The entries are to be written out word for word, with their images left out.

Items from a dataset:
..........
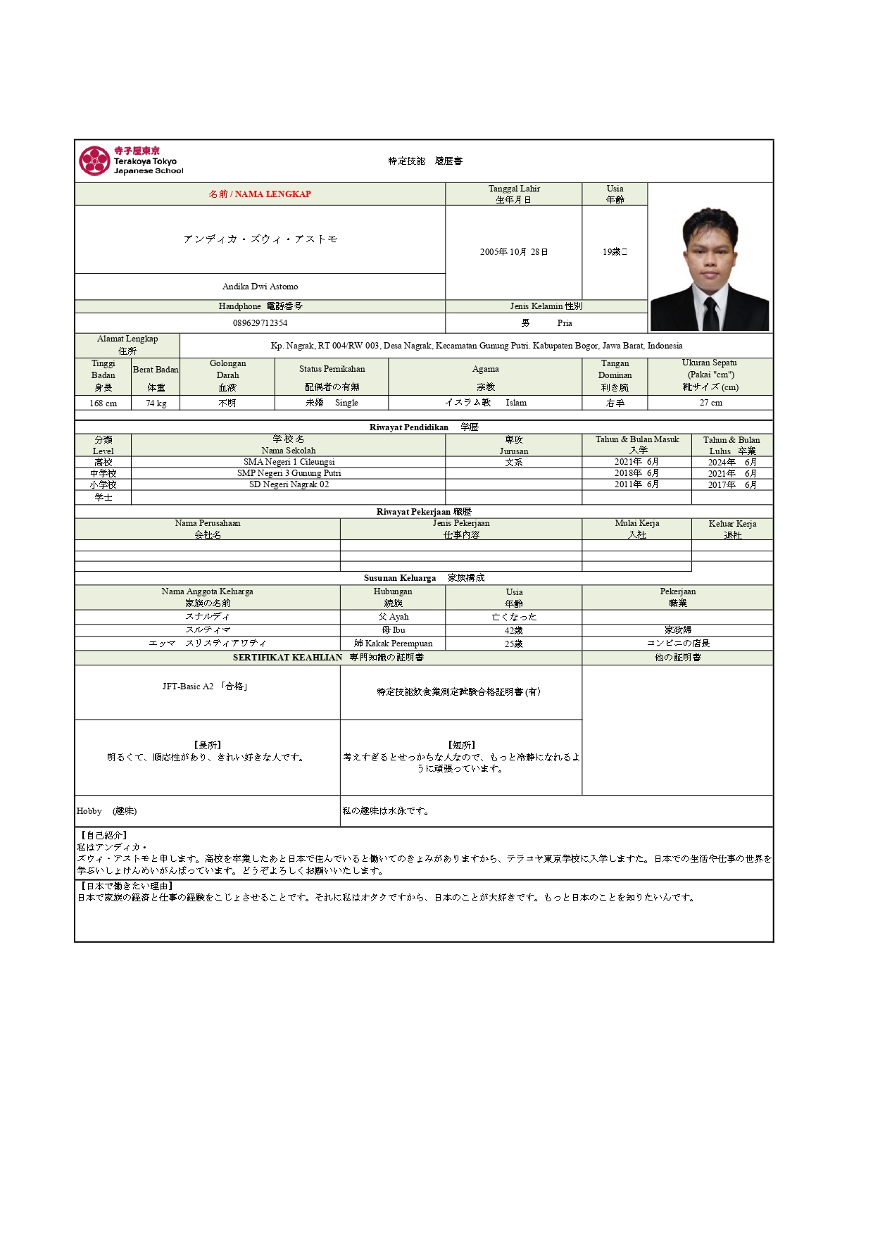 私はアンディカ • ズウィ・アストモと申します。高校を卒業したあと日本で住んでいると働いてのきょみがありますから、テラコヤ東京学校に入学しますた。日本での生活や仕事の世界を学ぶいしょけんめいがんばっています。どうぞよろしくお願いいたします。
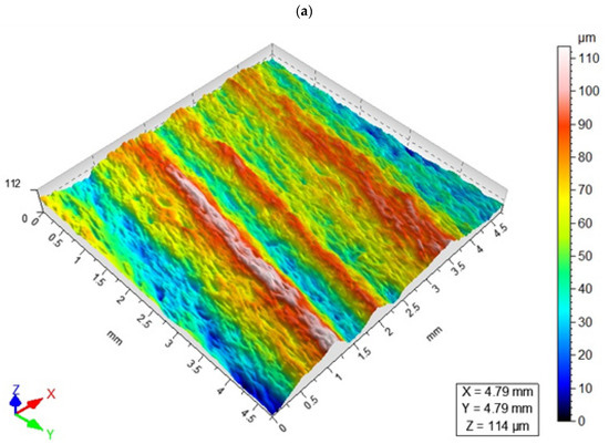 Surface roughness parameters relating to profile height are important due to mating the surfaces of two machine components. From the point of view of their interaction, it is favorable that Sku takes positive values (Sku > 3 and Sku = 3), which is most clearly seen when vf is 5 mm/min and 100 mm/min. Therefore, it can be concluded that for the analyzed case, the obtained surface is characterized by a low coefficient of friction. Less homogeneous results of the Sku kurtosis were obtained when ma = 4 g/s.
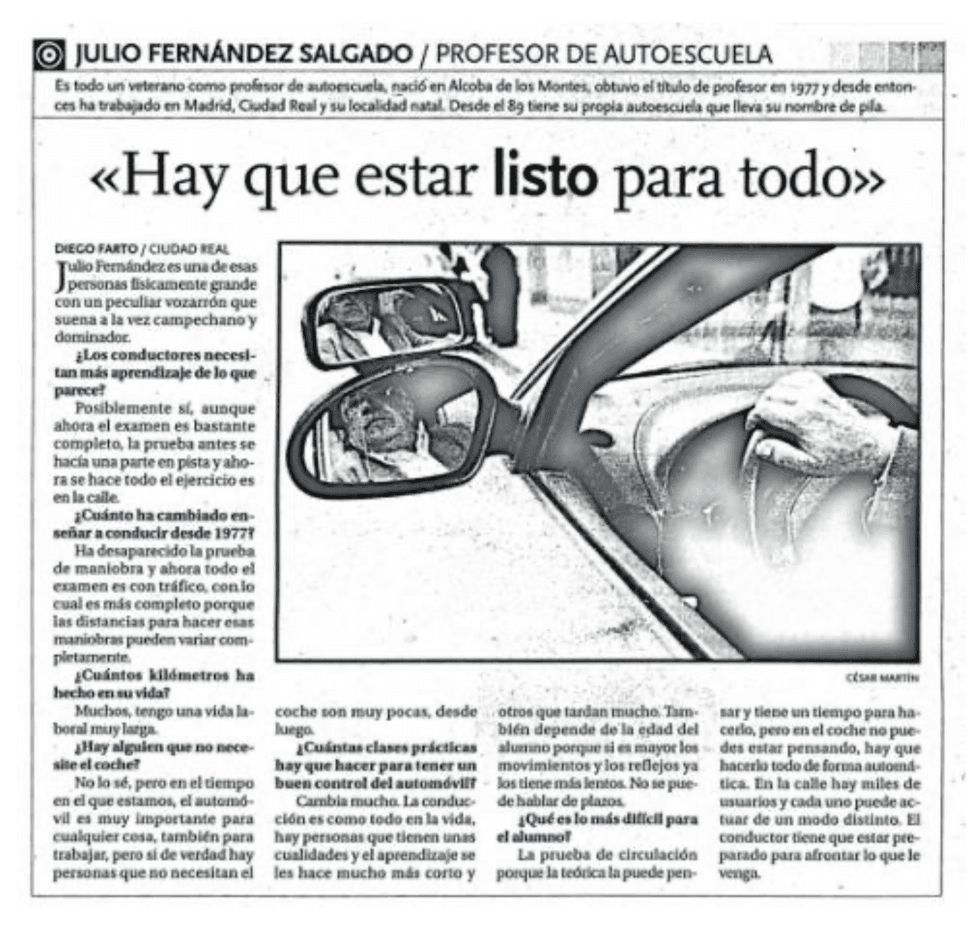 Julio F. S, Fundador y Profesor de Formación Vial desde 1976. Empezó desarrollando su profesión en Madrid y años más tarde decidió montar su propia autoescuela en Ciudad Real donde ha estado más de 12 años al frente de la autoescuela (1988-2008).
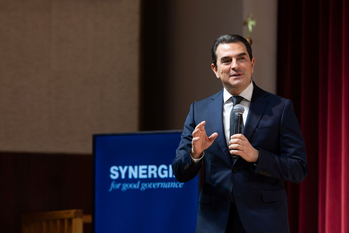 Στην εισαγωγική του τοποθέτηση, ο Πρόεδρος της Synergia, Ορέστης Ομράν, παρουσίασε τους βασικούς άξονες των προτάσεων που περιλαμβάνονται στον συλλογικό τόμο και έδωσε το στίγμα των επόμενων πανελλαδικών δράσεων του Think Tank.
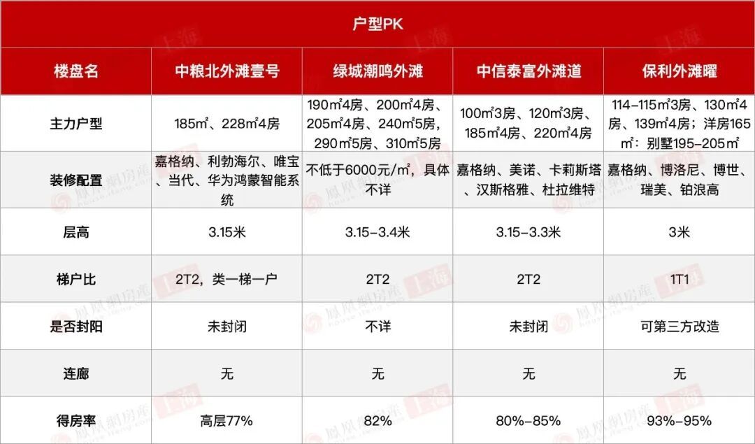 绿城潮鸣外滩:清一色190-310㎡大平层,从4房到5房都有,尤其是240㎡、290㎡、310㎡5房,在四个项目里没有直接竞品,主打顶级尺度;
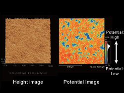 전도성 캔틸레버를 이용하여 교류 전압을 인가하여 캔틸레버와 샘플 표면 사이에 작용하는 정전기의 힘을 감지하고 샘플 표면의 전위를 이미지화 시킵니다. KFM (Kelvin Force Microscope)라고도합니다.
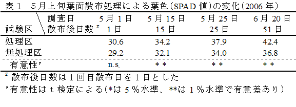 マンガン欠乏樹には、0.3%硫酸マンガン溶液を欠乏症状発生前の5月上旬から約10日間隔で3回葉面散布する。これにより葉色の低下が抑えられ、葉脈間黄白化症状が改善される(表1)。 |
..........
▸ Output of the task
 私はアンディカ • ズウィ・アストモと申します。高校を卒業したあと日本で住んでいると働いてのきょみがありますから、テラコヤ東京学校に入学しますた。日本での生活や仕事の世界を学ぶいしょけんめいがんばっています。どうぞよろしくお願いいたします。
 Surface roughness parameters relating to profile height are important due to mating the surfaces of two machine components. From the point of view of their interaction, it is favorable that Sku takes positive values (Sku > 3 and Sku = 3), which is most clearly seen when vf is 5 mm/min and 100 mm/min. Therefore, it can be concluded that for the analyzed case, the obtained surface is characterized by a low coefficient of friction. Less homogeneous results of the Sku kurtosis were obtained when ma = 4 g/s.
 Julio F. S, Fundador y Profesor de Formación Vial desde 1976. Empezó desarrollando su profesión en Madrid y años más tarde decidió montar su propia autoescuela en Ciudad Real donde ha estado más de 12 años al frente de la autoescuela (1988-2008).
 Στην εισαγωγική του τοποθέτηση, ο Πρόεδρος της Synergia, Ορέστης Ομράν, παρουσίασε τους βασικούς άξονες των προτάσεων που περιλαμβάνονται στον συλλογικό τόμο και έδωσε το στίγμα των επόμενων πανελλαδικών δράσεων του Think Tank.
 绿城潮鸣外滩:清一色190-310㎡大平层,从4房到5房都有,尤其是240㎡、290㎡、310㎡5房,在四个项目里没有直接竞品,主打顶级尺度;
 전도성 캔틸레버를 이용하여 교류 전압을 인가하여 캔틸레버와 샘플 표면 사이에 작용하는 정전기의 힘을 감지하고 샘플 표면의 전위를 이미지화 시킵니다. KFM (Kelvin Force Microscope)라고도합니다.
 マンガン欠乏樹には、0.3%硫酸マンガン溶液を欠乏症状発生前の5月上旬から約10日間隔で3回葉面散布する。これにより葉色の低下が抑えられ、葉脈間黄白化症状が改善される(表1)。 |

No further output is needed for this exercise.